This NOT an offer to purchase. It is simply an information page.
Housing the people
who make Nanaimo work.
A 100-unit mass timber workforce housing development — BC Builds funded, Snuneymuxw Territory, built for permanence.
Nanaimo's workforce
can't afford to live here.
The nurses at NRGH. The electricians building the Island's housing stock. The teachers in Ladysmith and Parksville. These are the people whose work holds Nanaimo together — and they are being systematically priced out of purpose-built rental housing.
The median Nanaimo household earns $76,000 per year — well below the BC median of $86,000. At the 30% affordability threshold, that household can afford $1,900/month in rent.

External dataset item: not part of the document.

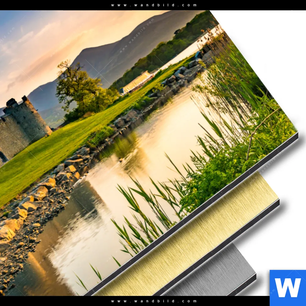 Aluminiumbild gebürstet | Alte Burg mit See | Querformat

The average two-bedroom purpose-built rental costs $2,324/month. That $424/month gap is structural, persistent, and growing.
The result is predictable: commutes from cheaper communities, suppressed hiring, strained hospital rosters, and a city that cannot retain the essential workers it needs to grow. This is not a social problem at the margins. It is a structural constraint on Nanaimo's economic future.
Four forces converging. A window that won't stay open.
BC Builds capital grant
Up to $225,000/unit for qualifying non-profit rental — reducing the financed amount from $37M to $23.7M and making below-market rents financially viable at a DSCR of 1.28×.
CMHC MLI Select financing
90% LTV · 40-year amortization · 3.5% BC Builds take-out rate. Purpose-built rental at insured terms, with green scoring reducing the CMHC premium from 6.75% to 5.90%.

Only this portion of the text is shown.